Exercise directions:
Every word of the data must be reproduced in your reply exactly.

Dataset excerpts:
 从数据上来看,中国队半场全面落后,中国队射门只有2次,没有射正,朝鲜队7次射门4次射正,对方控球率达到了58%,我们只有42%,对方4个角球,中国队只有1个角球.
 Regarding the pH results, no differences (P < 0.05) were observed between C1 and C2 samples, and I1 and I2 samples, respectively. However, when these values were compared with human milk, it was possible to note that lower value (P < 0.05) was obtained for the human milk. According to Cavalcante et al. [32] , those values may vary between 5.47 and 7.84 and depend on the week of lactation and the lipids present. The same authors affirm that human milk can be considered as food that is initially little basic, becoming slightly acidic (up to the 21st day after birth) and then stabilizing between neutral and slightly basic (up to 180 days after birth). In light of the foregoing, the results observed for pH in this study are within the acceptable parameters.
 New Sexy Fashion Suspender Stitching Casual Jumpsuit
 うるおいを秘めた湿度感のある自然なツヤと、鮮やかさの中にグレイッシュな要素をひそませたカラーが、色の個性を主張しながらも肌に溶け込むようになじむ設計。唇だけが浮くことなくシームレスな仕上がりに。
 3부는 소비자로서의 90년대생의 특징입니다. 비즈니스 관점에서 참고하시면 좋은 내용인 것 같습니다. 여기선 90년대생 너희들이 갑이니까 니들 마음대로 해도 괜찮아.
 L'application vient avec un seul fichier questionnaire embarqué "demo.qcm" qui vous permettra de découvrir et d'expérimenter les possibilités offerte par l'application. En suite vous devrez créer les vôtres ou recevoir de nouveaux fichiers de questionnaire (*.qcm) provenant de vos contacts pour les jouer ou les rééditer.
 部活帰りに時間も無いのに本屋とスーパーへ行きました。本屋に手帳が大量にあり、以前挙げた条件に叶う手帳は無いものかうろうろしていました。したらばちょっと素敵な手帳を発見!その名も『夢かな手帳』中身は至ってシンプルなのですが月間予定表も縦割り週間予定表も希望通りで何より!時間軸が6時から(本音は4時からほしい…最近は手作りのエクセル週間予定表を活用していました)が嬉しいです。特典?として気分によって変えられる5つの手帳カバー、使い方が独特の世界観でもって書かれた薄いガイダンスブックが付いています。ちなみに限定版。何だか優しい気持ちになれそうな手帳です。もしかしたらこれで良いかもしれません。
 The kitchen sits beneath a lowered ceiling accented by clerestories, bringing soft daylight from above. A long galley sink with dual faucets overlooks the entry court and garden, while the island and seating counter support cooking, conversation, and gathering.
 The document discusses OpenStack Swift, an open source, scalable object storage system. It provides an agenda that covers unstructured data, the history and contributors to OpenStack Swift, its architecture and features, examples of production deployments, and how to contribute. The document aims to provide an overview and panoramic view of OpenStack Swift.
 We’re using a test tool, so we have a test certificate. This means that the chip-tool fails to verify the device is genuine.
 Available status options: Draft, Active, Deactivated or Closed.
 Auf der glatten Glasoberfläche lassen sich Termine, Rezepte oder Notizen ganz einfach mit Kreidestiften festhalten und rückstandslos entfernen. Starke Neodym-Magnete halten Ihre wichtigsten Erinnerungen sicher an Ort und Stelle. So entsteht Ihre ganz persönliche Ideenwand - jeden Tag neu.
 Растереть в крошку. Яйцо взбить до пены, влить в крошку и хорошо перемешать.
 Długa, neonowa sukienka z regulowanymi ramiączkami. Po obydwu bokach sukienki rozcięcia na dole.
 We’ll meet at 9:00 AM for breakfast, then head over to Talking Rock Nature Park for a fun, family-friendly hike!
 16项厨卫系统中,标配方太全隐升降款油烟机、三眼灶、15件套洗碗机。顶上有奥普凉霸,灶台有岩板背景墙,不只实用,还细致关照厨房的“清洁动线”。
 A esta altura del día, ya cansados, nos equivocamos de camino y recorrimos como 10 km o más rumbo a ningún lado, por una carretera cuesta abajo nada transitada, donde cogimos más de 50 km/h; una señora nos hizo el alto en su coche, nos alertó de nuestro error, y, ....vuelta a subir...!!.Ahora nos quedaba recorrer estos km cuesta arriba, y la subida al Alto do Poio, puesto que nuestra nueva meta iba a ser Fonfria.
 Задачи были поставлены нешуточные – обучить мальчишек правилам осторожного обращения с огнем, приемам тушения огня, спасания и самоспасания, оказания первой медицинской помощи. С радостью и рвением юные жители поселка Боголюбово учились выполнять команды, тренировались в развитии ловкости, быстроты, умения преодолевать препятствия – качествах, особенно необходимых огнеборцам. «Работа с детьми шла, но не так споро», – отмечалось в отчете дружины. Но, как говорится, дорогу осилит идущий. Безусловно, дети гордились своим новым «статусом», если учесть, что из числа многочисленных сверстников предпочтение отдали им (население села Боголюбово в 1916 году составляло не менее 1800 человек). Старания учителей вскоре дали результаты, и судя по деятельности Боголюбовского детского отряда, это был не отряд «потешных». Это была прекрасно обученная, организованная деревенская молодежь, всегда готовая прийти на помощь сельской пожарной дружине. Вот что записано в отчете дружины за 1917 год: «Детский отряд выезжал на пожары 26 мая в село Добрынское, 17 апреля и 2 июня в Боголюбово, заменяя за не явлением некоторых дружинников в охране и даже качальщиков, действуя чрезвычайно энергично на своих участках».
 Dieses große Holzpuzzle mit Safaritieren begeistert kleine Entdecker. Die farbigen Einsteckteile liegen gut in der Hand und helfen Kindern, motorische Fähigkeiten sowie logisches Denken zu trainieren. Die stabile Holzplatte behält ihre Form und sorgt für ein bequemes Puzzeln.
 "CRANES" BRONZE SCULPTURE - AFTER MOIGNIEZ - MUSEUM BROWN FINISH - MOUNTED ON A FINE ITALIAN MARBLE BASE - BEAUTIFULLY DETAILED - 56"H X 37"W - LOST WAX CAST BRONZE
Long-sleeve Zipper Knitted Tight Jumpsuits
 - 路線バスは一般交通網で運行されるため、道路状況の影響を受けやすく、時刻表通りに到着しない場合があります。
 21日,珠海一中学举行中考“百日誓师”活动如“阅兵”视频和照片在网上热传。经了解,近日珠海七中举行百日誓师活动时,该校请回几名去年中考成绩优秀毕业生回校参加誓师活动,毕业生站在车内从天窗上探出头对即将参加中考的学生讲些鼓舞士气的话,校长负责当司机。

Answer to this exercise:
 从数据上来看,中国队半场全面落后,中国队射门只有2次,没有射正,朝鲜队7次射门4次射正,对方控球率达到了58%,我们只有42%,对方4个角球,中国队只有1个角球.
 Regarding the pH results, no differences (P < 0.05) were observed between C1 and C2 samples, and I1 and I2 samples, respectively. However, when these values were compared with human milk, it was possible to note that lower value (P < 0.05) was obtained for the human milk. According to Cavalcante et al. [32] , those values may vary between 5.47 and 7.84 and depend on the week of lactation and the lipids present. The same authors affirm that human milk can be considered as food that is initially little basic, becoming slightly acidic (up to the 21st day after birth) and then stabilizing between neutral and slightly basic (up to 180 days after birth). In light of the foregoing, the results observed for pH in this study are within the acceptable parameters.
 New Sexy Fashion Suspender Stitching Casual Jumpsuit
 うるおいを秘めた湿度感のある自然なツヤと、鮮やかさの中にグレイッシュな要素をひそませたカラーが、色の個性を主張しながらも肌に溶け込むようになじむ設計。唇だけが浮くことなくシームレスな仕上がりに。
 3부는 소비자로서의 90년대생의 특징입니다. 비즈니스 관점에서 참고하시면 좋은 내용인 것 같습니다. 여기선 90년대생 너희들이 갑이니까 니들 마음대로 해도 괜찮아.
 L'application vient avec un seul fichier questionnaire embarqué "demo.qcm" qui vous permettra de découvrir et d'expérimenter les possibilités offerte par l'application. En suite vous devrez créer les vôtres ou recevoir de nouveaux fichiers de questionnaire (*.qcm) provenant de vos contacts pour les jouer ou les rééditer.
 部活帰りに時間も無いのに本屋とスーパーへ行きました。本屋に手帳が大量にあり、以前挙げた条件に叶う手帳は無いものかうろうろしていました。したらばちょっと素敵な手帳を発見!その名も『夢かな手帳』中身は至ってシンプルなのですが月間予定表も縦割り週間予定表も希望通りで何より!時間軸が6時から(本音は4時からほしい…最近は手作りのエクセル週間予定表を活用していました)が嬉しいです。特典?として気分によって変えられる5つの手帳カバー、使い方が独特の世界観でもって書かれた薄いガイダンスブックが付いています。ちなみに限定版。何だか優しい気持ちになれそうな手帳です。もしかしたらこれで良いかもしれません。
 The kitchen sits beneath a lowered ceiling accented by clerestories, bringing soft daylight from above. A long galley sink with dual faucets overlooks the entry court and garden, while the island and seating counter support cooking, conversation, and gathering.
 The document discusses OpenStack Swift, an open source, scalable object storage system. It provides an agenda that covers unstructured data, the history and contributors to OpenStack Swift, its architecture and features, examples of production deployments, and how to contribute. The document aims to provide an overview and panoramic view of OpenStack Swift.
 We’re using a test tool, so we have a test certificate. This means that the chip-tool fails to verify the device is genuine.
 Available status options: Draft, Active, Deactivated or Closed.
 Auf der glatten Glasoberfläche lassen sich Termine, Rezepte oder Notizen ganz einfach mit Kreidestiften festhalten und rückstandslos entfernen. Starke Neodym-Magnete halten Ihre wichtigsten Erinnerungen sicher an Ort und Stelle. So entsteht Ihre ganz persönliche Ideenwand - jeden Tag neu.
 Растереть в крошку. Яйцо взбить до пены, влить в крошку и хорошо перемешать.
 Długa, neonowa sukienka z regulowanymi ramiączkami. Po obydwu bokach sukienki rozcięcia na dole.
 We’ll meet at 9:00 AM for breakfast, then head over to Talking Rock Nature Park for a fun, family-friendly hike!
 16项厨卫系统中,标配方太全隐升降款油烟机、三眼灶、15件套洗碗机。顶上有奥普凉霸,灶台有岩板背景墙,不只实用,还细致关照厨房的“清洁动线”。
 A esta altura del día, ya cansados, nos equivocamos de camino y recorrimos como 10 km o más rumbo a ningún lado, por una carretera cuesta abajo nada transitada, donde cogimos más de 50 km/h; una señora nos hizo el alto en su coche, nos alertó de nuestro error, y, ....vuelta a subir...!!.Ahora nos quedaba recorrer estos km cuesta arriba, y la subida al Alto do Poio, puesto que nuestra nueva meta iba a ser Fonfria.
 Задачи были поставлены нешуточные – обучить мальчишек правилам осторожного обращения с огнем, приемам тушения огня, спасания и самоспасания, оказания первой медицинской помощи. С радостью и рвением юные жители поселка Боголюбово учились выполнять команды, тренировались в развитии ловкости, быстроты, умения преодолевать препятствия – качествах, особенно необходимых огнеборцам. «Работа с детьми шла, но не так споро», – отмечалось в отчете дружины. Но, как говорится, дорогу осилит идущий. Безусловно, дети гордились своим новым «статусом», если учесть, что из числа многочисленных сверстников предпочтение отдали им (население села Боголюбово в 1916 году составляло не менее 1800 человек). Старания учителей вскоре дали результаты, и судя по деятельности Боголюбовского детского отряда, это был не отряд «потешных». Это была прекрасно обученная, организованная деревенская молодежь, всегда готовая прийти на помощь сельской пожарной дружине. Вот что записано в отчете дружины за 1917 год: «Детский отряд выезжал на пожары 26 мая в село Добрынское, 17 апреля и 2 июня в Боголюбово, заменяя за не явлением некоторых дружинников в охране и даже качальщиков, действуя чрезвычайно энергично на своих участках».
 Dieses große Holzpuzzle mit Safaritieren begeistert kleine Entdecker. Die farbigen Einsteckteile liegen gut in der Hand und helfen Kindern, motorische Fähigkeiten sowie logisches Denken zu trainieren. Die stabile Holzplatte behält ihre Form und sorgt für ein bequemes Puzzeln.
 "CRANES" BRONZE SCULPTURE - AFTER MOIGNIEZ - MUSEUM BROWN FINISH - MOUNTED ON A FINE ITALIAN MARBLE BASE - BEAUTIFULLY DETAILED - 56"H X 37"W - LOST WAX CAST BRONZE
Long-sleeve Zipper Knitted Tight Jumpsuits
 - 路線バスは一般交通網で運行されるため、道路状況の影響を受けやすく、時刻表通りに到着しない場合があります。
 21日,珠海一中学举行中考“百日誓师”活动如“阅兵”视频和照片在网上热传。经了解,近日珠海七中举行百日誓师活动时,该校请回几名去年中考成绩优秀毕业生回校参加誓师活动,毕业生站在车内从天窗上探出头对即将参加中考的学生讲些鼓舞士气的话,校长负责当司机。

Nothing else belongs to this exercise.